Alibaba’s third fiscal quarter earnings exceeded everyone’s expectations, pushing the company’s shares up 4%.
In comparison to Refinitiv consensus estimates, here is how Alibaba performed in its third fiscal quarter, which spanned from October to December 2022: Alibaba’s third fiscal quarter earnings exceeded everyone’s expectations, pushing the company’s shares up 4%.
In comparison to Refinitiv consensus estimates, here is how Alibaba performed in its third fiscal quarter, which spanned from October to December 2022:
Sales increased by 2% year over year to 247.76 billion Chinese yuan from the anticipated 245.18 billion Chinese yuan.
Profits per American depositary share (ADS) increased 14% year over year to 19.26 yuan from the anticipated 16.26 yuan.
Net income increased 69% year over year to 46.82 billion yuan from 34.02 billion yuan.
From its peak in October 2020, Alibaba’s worth has lost around $600 billion as a result of China’s strong Covid-19 control regulations, China’s tightening regulatory environment for tech companies, and the ensuing economic slowdown.
Investors hope that China’s economic re-opening will help raise consumer morale and spending, which will ultimately aid the e-commerce giant. As a result, Alibaba shares in Hong Kong finished higher on Thursday ahead of earnings. China abruptly removed its rigorous Covid regulations, including lockdowns, during the December quarter. Due to the fact that it occurred in December, this is unlikely to be completely reflected in the quarter.

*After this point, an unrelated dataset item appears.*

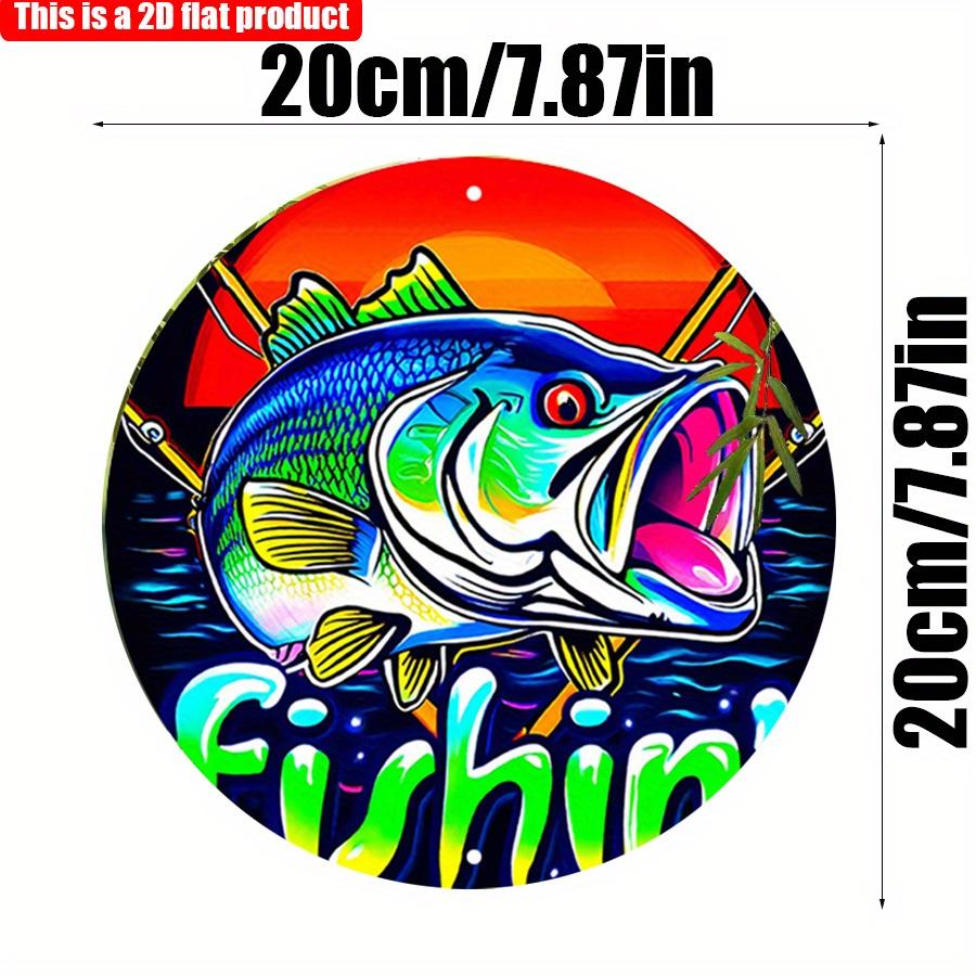 2D Flat 20*20 см 1 шт. Рыболовная тема, яркая, красочная, большая рыба с открытым ртом, круглая, деревянная табличка, настенная в стиле богемной рыбацкой деревни 20*20cm

The China commerce section of Alibaba, which includes its well-known marketplace Taobao, brought in a total of 169.99 billion yuan in revenue, a 1% year-over-year decline. The decrease was caused by a 9% decrease in customer management revenue, which Alibaba collected from the sale of services like marketing to retailers on its Taobao and Tmall e-commerce platforms.
The number of transactions made on Alibaba’s online shopping platforms, or the gross merchandise volume, “declined mid-single-digit year-over-year, mainly due to soft consumption demand and ongoing competition as well as a surge in COVID-19 cases in China that resulted in supply chain and logistics disruptions in December,” according to Alibaba.

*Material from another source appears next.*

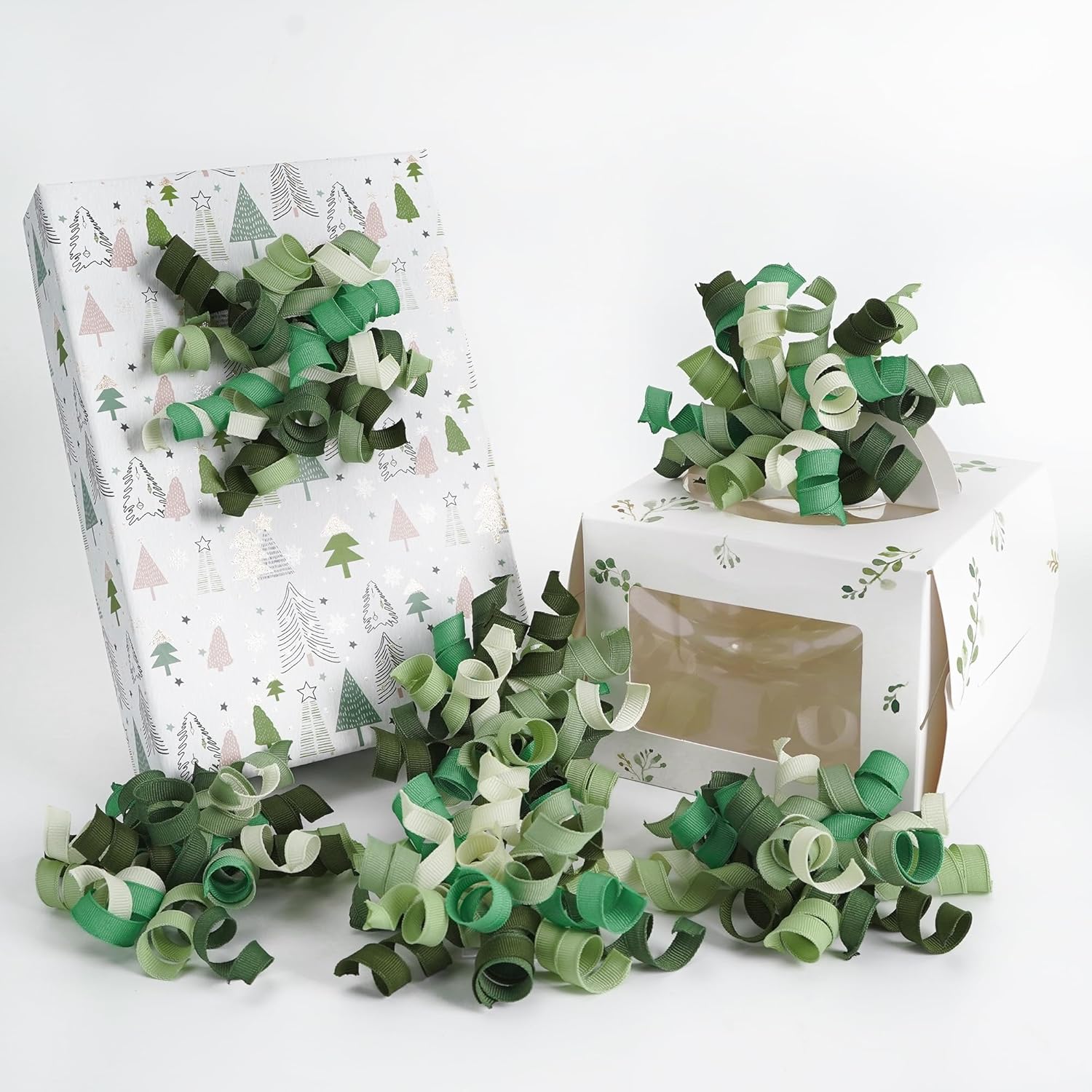 - SIZE & PACK: Each package contains 6 pcs mixed color sage green/ivory/light green/moss green curly bows are made of 12 strands of 3/8"(9mm) wide grosgrain ribbon that measure about 4.5~5" x 4.5~5"

The China commerce section of Alibaba, which includes its well-known marketplace Taobao, brought in a total of 169.99 billion yuan in revenue, a 1% year-over-year decline.
The decrease was caused by a 9% decrease in customer management revenue, which Alibaba collected from the sale of services like marketing to retailers on its Taobao and Tmall e-commerce platforms.
The number of transactions made on Alibaba’s online shopping platforms, or the gross merchandise volume, “declined mid-single-digit year-over-year, mainly due to soft consumption demand and ongoing competition as well as a surge in COVID-19 cases in China that resulted in supply chain and logistics disruptions in December,” according to Alibaba, via a press release, it was said.
Alibaba has pursued expansion in international markets through its South East Asia company Lazada and through global e-commerce platform AliExpress while its business in China has slowed. Revenue from international trade increased by 18% on a yearly basis to 19.47 billion Chinese yuan.
As regulation enforcement becomes more predictable, the regulatory tightening that occurred over the previous two years is beginning to loosen.
When the full impact of the Chinese economic reopening is realized, analysts anticipate that Alibaba will experience stronger revenue growth during the ensuing quarters. For the first time in three years, Morgan Stanley just declared Alibaba its “top pick” in the Chinese tech industry.
Alibaba started taking cost-cutting initiatives last year in an effort to increase profitability. While continuing to make significant investments for long-term growth, Alibaba is attempting to strike a balance between costs.
In the midst of its stock decline, the corporation is simultaneously attempting to increase shareholder confidence. As part of its ongoing $25 billion share repurchase program, which will be extended through the end of its fiscal year in December, Alibaba’s board approved an extra $15 billion in November.
fiscal year 2025. When the full impact of the Chinese economic reopening is realized, analysts anticipate that Alibaba will experience stronger revenue growth during the ensuing quarters. For the first time in three years, Morgan Stanley just declared Alibaba its “top pick” in the Chinese tech industry.
Alibaba started taking cost-cutting initiatives last year in an effort to increase profitability. While continuing to make significant investments for long-term growth, Alibaba is attempting to strike a balance between costs.
In the midst of its stock decline, the corporation is simultaneously attempting to increase shareholder confidence. Alibaba announced in November that its board has approved an additional $15 billion for its current $25 billion share buyback program, which will be continued through the end of the year end of its fiscal year 2025.
Alibaba is also in the process of designating Hong Kong as its “primary” listing for its shares, opening up direct stock trading for investors in mainland China. The procedure, however, will not be finished in 2022 as originally anticipated, the business stated in November. Alibaba is also in the process of designating Hong Kong as its “primary” listing for its shares, opening up direct stock trading for investors in mainland China. The procedure, however, will not be finished in 2022 as originally anticipated, the business stated in November.